It may be difficult to think of email applications as “bad design,” and before I started using Gmail it never occurred to me that they were. On the other hand, Google’s different approach to email has led to some stark revelations about my email behavior. At the most basic level, managing email — an activity whose necessity rates somewhere between scheduled car maintenance and eating — requires too much thinking under current models. Users may be pleased to have to “think less.”

The paradigm shift, however, will be the least of Google’s problems. With its search engine advertising practices under constant scrutiny, Google faces myriad new issues by attaching targeted advertisements to emails, potentially a gross invasion of privacy. At the same time, the advertisements for mandolin dealers and instructors that come attached to posts to the mandolin mailing list are almost as valuable as the posts themselves.

Dan Brown has been practicing information architecture and user experience design since 1994. Through his work, he has improved enterprise communications for Fortune 500 clients, including US Airways, Fannie Mae, First USA, British Telecom, Special Olympics, AOL, and the World Bank. Dan has taught classes at Duke, Georgetown, and American Universities and has written articles for the CHI Bulletin, Interactive Television Today (itvt.com) and Boxes and Arrows

21 comments

  1. Great article, was just wondering if you have a “trackback” link? I’d like to blog about this article and link back to it that way.

  2. Hey, thanks for sharing this information. I’ve been using Gmail from the start I knew about emails. 🙂

  3. I believe that Categories in Outlook is one of the most underused features of the program. I currently only use an Inbox and an Archive in Outlook. Searching for mail is very fast as I have most mails set up with multiple categories.

    So if I want to see all mail from a certain person (I have the group by selection enabled) I just click on the From header. Also, with outlooks quick search (not the advance search) I can type in a word and I get all mail containing that word without leaving my Inbox.

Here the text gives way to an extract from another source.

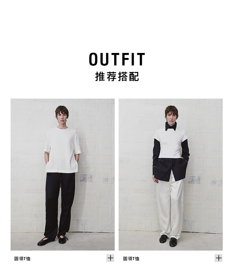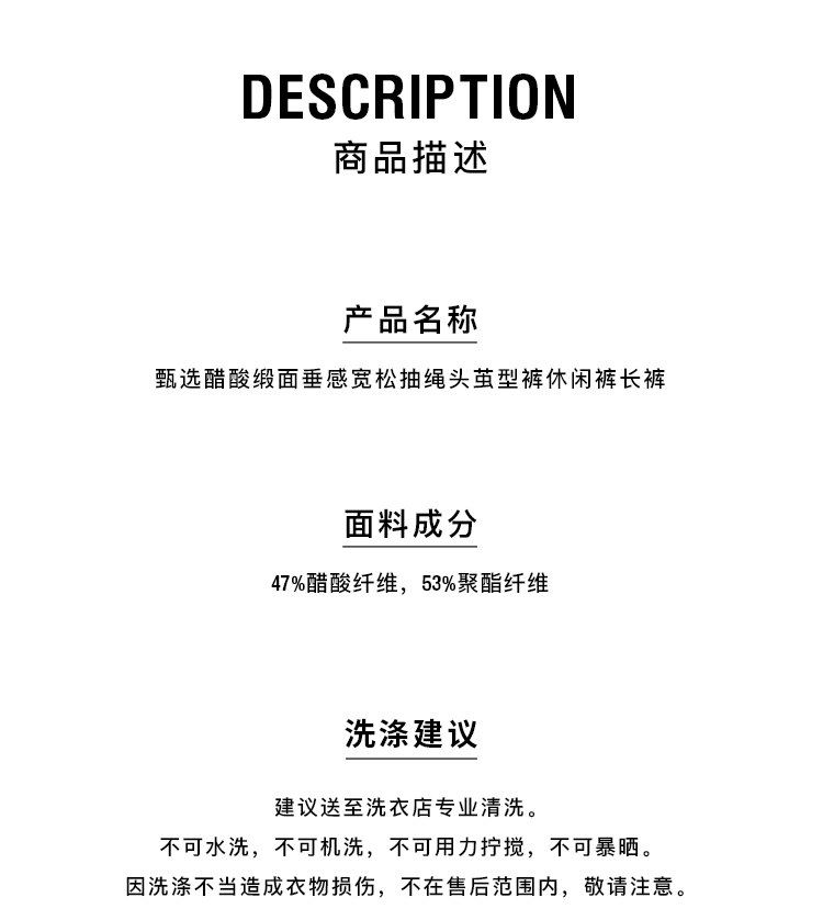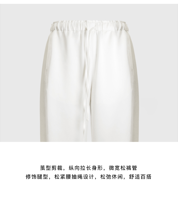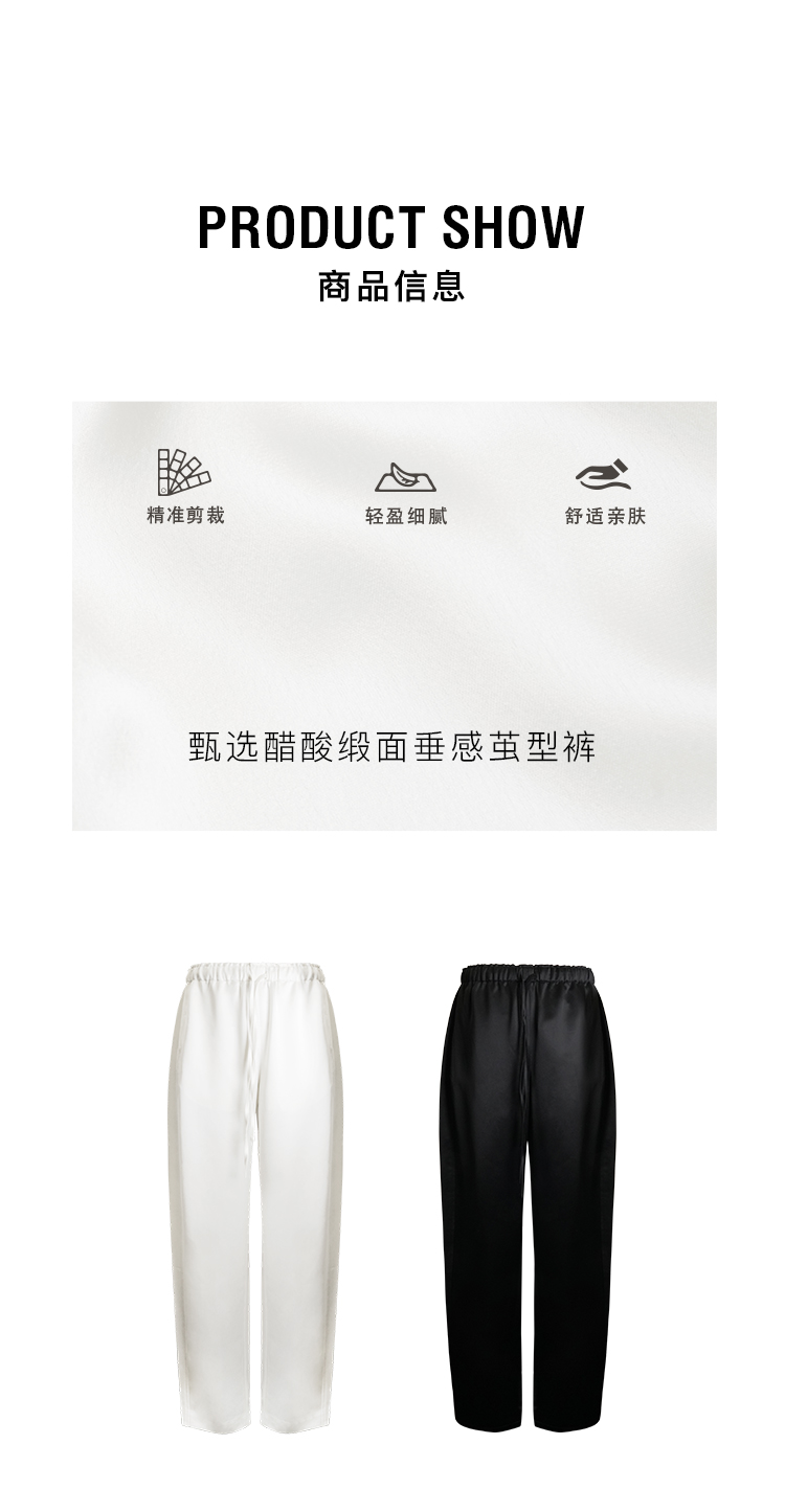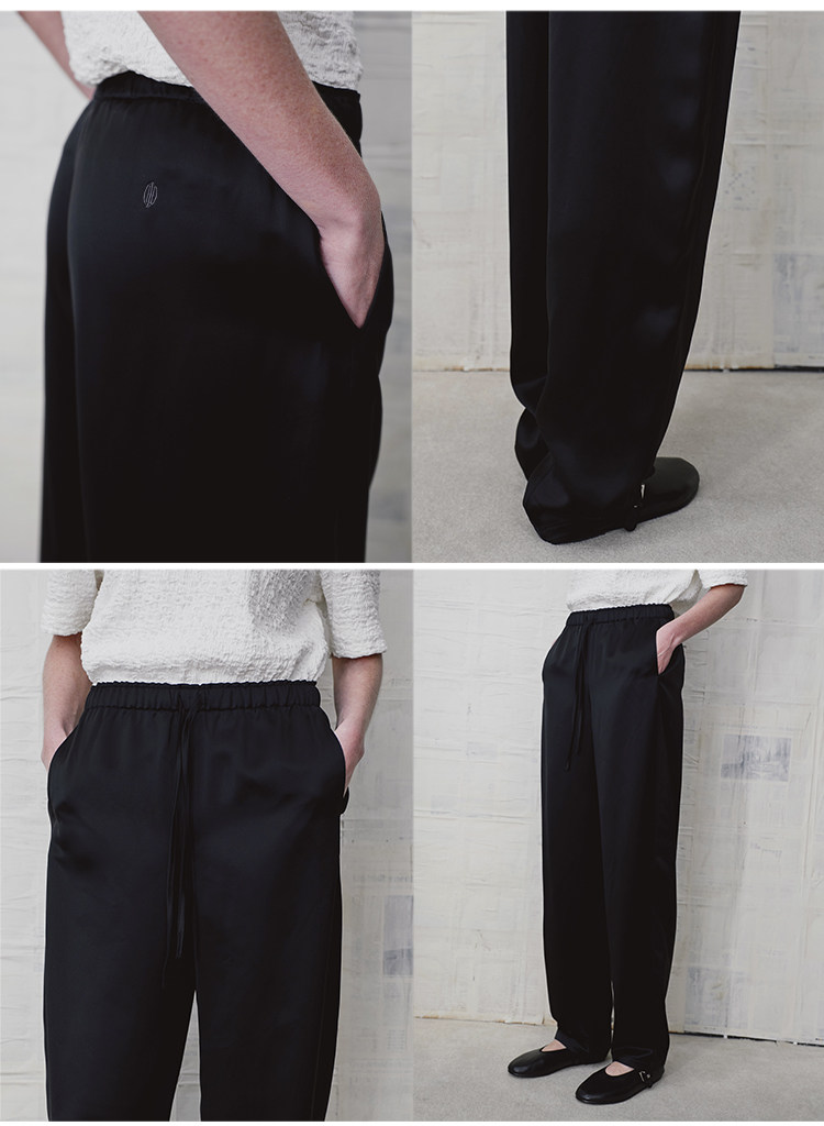 HIDEMI 缎面垂感宽松抽绳头直筒裤休闲裤长裤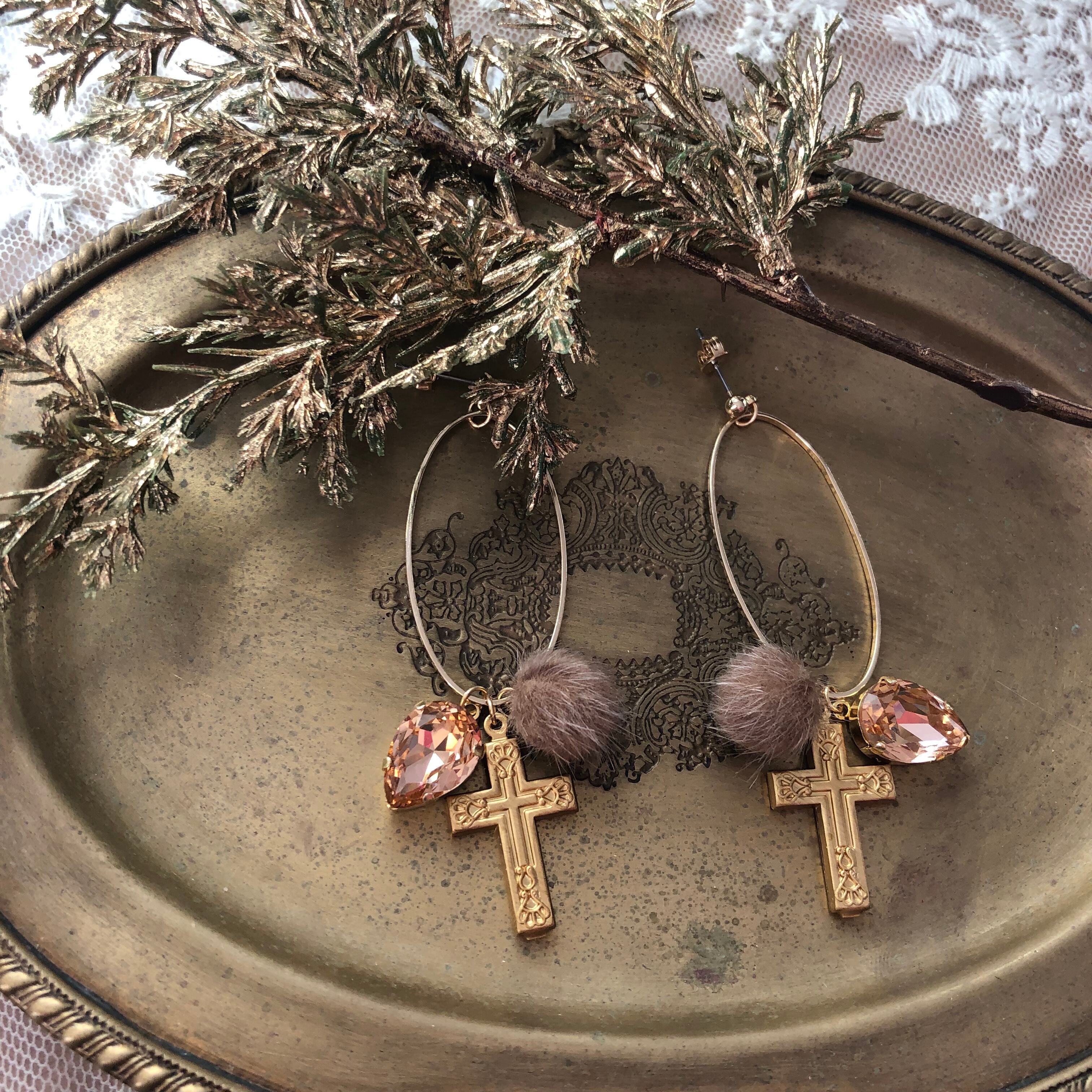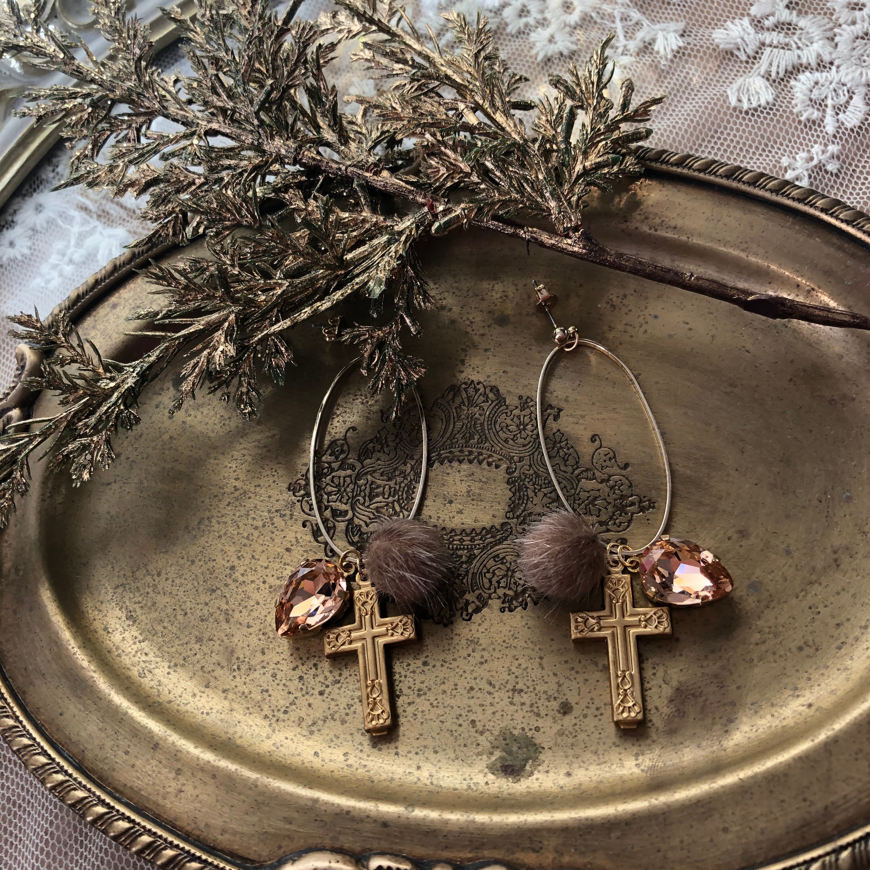 ブラス製クロスとキラキラビジューのフェイクファーのサークルピアス

    When archiving I just sort by message size and then drag the biggest emails into the offline Inbox (Archive) and voila.

    Folders (directories) should be banished from all computers forever!

  4. Hey there,

    Gmail fan here, but also an Outlook fan … Now we know that e-mail management is a VERY personal thing, so going out and making generalizations won’t be too helpful, but here goes. 😉

    Just kidding … I wanted to say 1 thing about the article, is that I think that from an IA perspective the article did a great job, but it didn’t mention from a behavioral IxD perspective where Gmail really shines over other e-mail (especially webmail systems) and that is SPEED. Oh my G-d! there is like no latency in this system and where there is for processing purposes the user is kept well informed. But moving to and between messages and initiating new messages is so quick. Other triggered events are also amazingly lightning fast (perception only, which says volumes). I don’t think any multi-user web-based application architect is going to have the excuse about performance to pull out of their back-pocket when a designer comes to them and suggests something, dare we say, bold.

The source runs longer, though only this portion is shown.